REQUIREMENT ▸ Only one stretch of the material below is wanted: everything from the line containing "爆款分销代发大容量580C宜兴紫砂壶手工制作原矿翡翠绿泥满刻寒江 投诉" down to the line containing "青島農(nóng)商銀行市北", both ends included. Repeat it exactly and skip the pictures.
##########
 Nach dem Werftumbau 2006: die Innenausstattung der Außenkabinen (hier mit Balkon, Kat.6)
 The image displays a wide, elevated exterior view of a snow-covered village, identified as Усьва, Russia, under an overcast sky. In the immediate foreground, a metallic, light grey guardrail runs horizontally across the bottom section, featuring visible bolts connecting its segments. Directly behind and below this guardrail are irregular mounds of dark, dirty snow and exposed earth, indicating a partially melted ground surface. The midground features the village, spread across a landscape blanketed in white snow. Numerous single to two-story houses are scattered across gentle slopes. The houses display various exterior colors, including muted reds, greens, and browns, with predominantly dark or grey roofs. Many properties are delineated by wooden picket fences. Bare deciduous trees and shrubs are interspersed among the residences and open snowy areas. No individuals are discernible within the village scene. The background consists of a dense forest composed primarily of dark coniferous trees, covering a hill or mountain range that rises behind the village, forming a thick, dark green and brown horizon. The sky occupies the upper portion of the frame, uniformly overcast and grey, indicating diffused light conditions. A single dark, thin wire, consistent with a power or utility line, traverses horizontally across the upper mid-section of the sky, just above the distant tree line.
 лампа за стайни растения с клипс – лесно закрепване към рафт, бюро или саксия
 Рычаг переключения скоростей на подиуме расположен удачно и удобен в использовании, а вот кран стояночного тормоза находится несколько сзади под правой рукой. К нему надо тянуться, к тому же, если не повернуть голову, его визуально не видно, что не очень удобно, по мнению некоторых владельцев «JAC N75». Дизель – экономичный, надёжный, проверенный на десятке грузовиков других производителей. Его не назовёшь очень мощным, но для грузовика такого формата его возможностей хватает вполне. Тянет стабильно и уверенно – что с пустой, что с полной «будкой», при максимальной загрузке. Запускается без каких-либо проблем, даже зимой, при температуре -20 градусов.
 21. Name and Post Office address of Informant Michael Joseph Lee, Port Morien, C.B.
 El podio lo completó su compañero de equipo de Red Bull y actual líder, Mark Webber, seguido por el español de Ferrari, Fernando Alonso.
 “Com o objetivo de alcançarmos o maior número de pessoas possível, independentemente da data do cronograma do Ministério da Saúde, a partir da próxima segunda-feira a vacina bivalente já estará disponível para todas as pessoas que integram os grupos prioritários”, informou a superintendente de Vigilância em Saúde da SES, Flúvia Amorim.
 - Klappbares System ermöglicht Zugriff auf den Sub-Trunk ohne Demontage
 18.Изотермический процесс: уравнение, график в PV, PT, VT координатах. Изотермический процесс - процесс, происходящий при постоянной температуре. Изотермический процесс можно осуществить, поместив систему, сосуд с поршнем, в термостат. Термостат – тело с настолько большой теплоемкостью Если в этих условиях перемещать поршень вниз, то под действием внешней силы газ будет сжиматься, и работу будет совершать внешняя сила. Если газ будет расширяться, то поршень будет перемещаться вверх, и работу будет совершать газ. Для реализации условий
##########
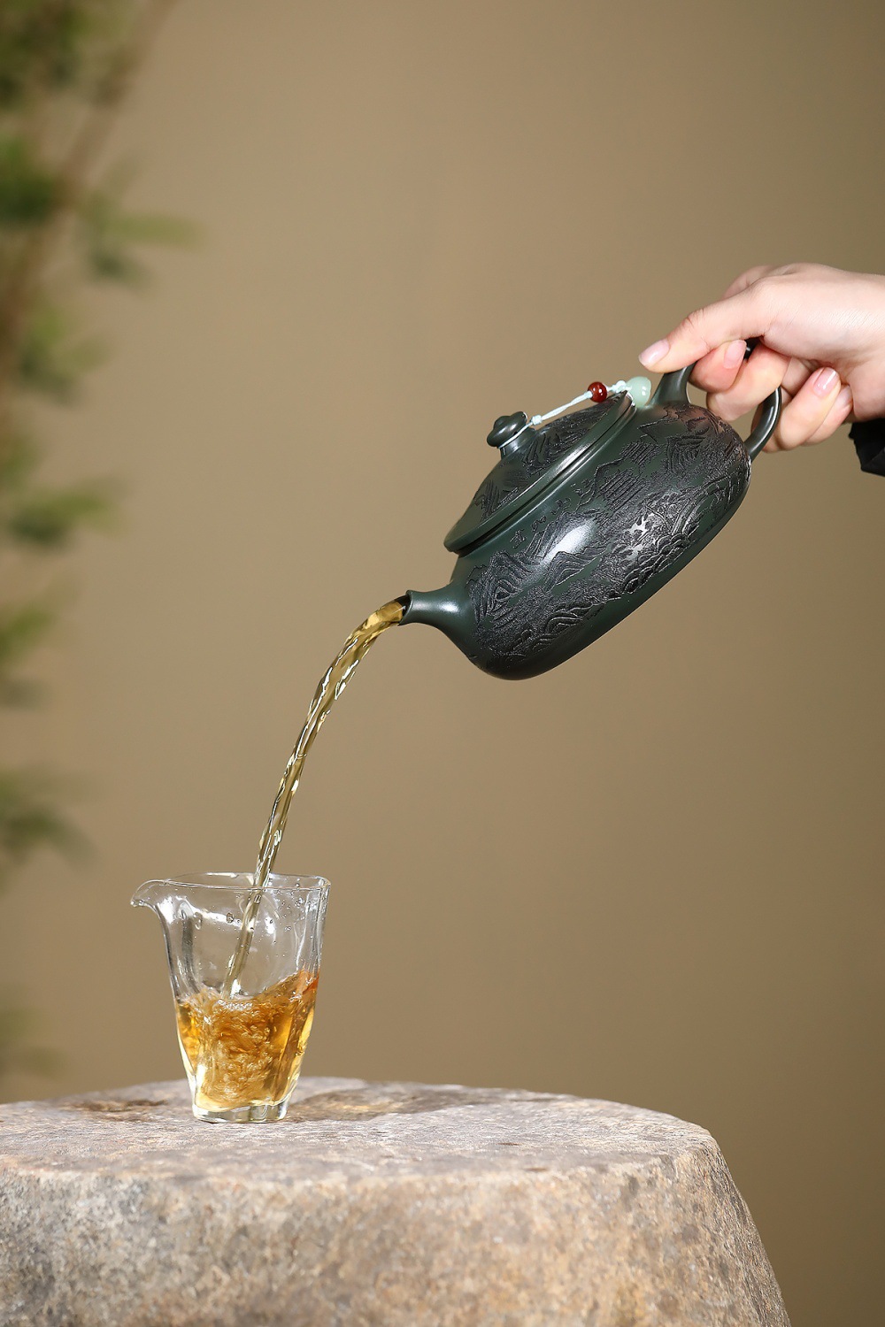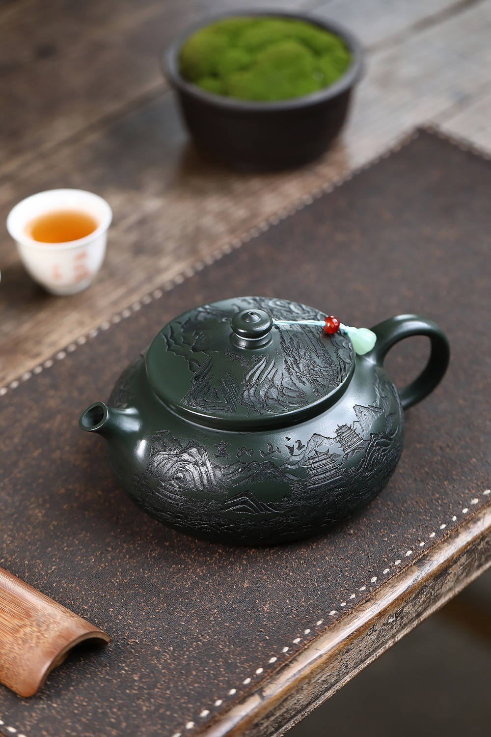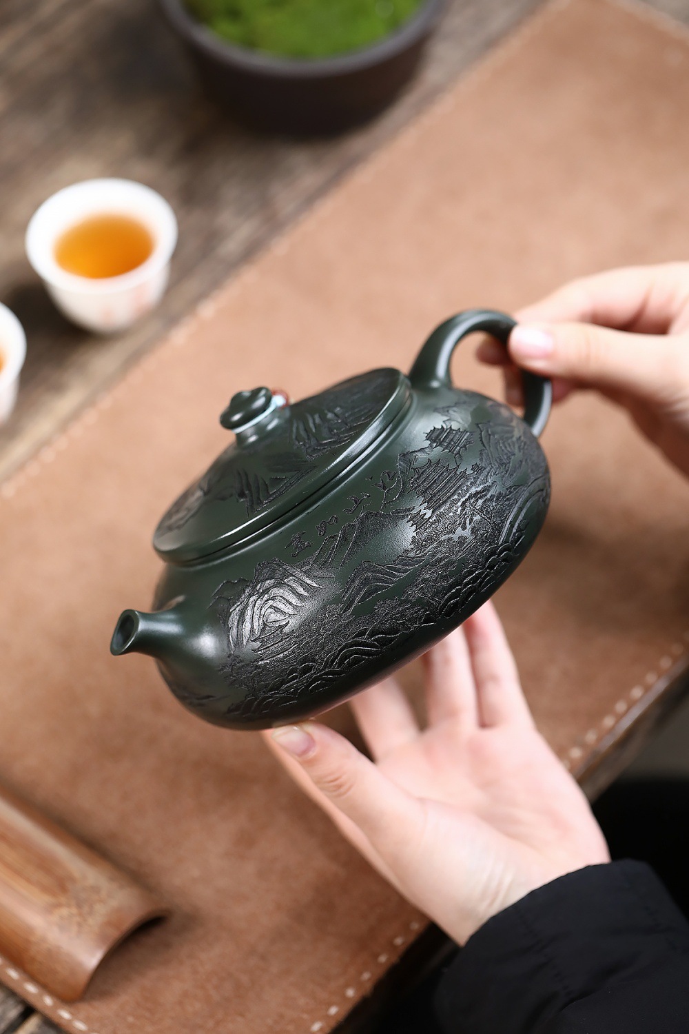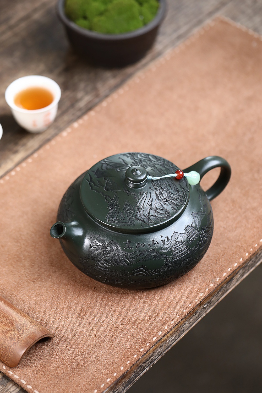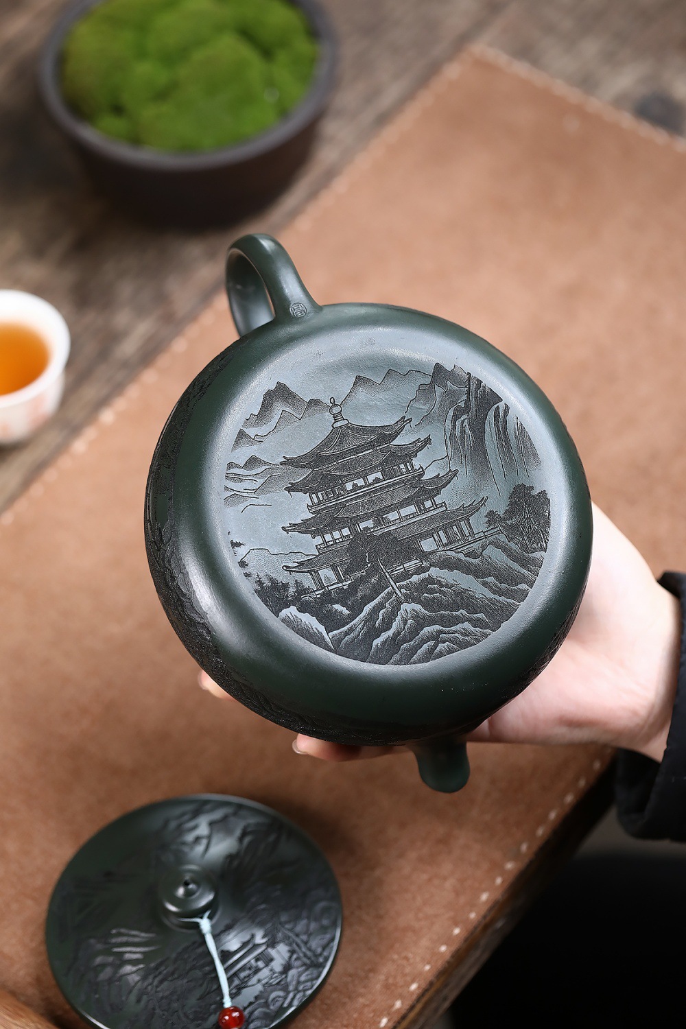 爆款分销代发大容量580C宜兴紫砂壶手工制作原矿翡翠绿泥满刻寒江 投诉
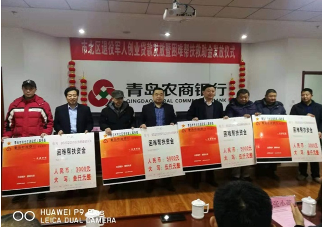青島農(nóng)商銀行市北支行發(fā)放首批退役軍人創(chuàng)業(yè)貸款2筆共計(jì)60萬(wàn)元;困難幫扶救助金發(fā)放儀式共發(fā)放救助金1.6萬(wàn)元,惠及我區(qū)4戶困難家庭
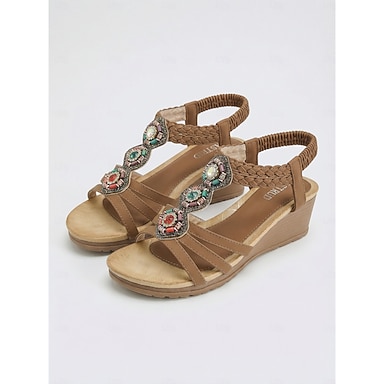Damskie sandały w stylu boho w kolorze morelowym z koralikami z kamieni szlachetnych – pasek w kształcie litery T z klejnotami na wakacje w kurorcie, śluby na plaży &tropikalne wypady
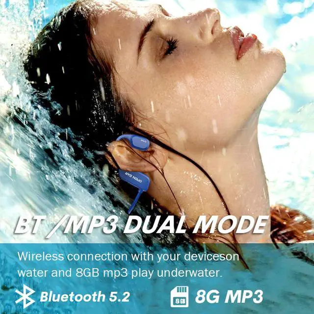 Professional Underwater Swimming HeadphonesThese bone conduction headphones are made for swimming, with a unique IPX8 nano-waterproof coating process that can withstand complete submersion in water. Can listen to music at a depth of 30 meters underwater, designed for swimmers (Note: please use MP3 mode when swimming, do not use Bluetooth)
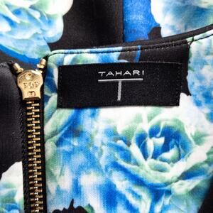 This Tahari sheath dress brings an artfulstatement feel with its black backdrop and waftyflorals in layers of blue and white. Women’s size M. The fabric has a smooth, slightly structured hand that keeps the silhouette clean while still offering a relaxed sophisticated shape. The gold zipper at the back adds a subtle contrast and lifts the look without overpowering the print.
##########
YOUR SOLUTION ▸
 爆款分销代发大容量580C宜兴紫砂壶手工制作原矿翡翠绿泥满刻寒江 投诉
青島農(nóng)商銀行市北支行發(fā)放首批退役軍人創(chuàng)業(yè)貸款2筆共計(jì)60萬(wàn)元;困難幫扶救助金發(fā)放儀式共發(fā)放救助金1.6萬(wàn)元,惠及我區(qū)4戶困難家庭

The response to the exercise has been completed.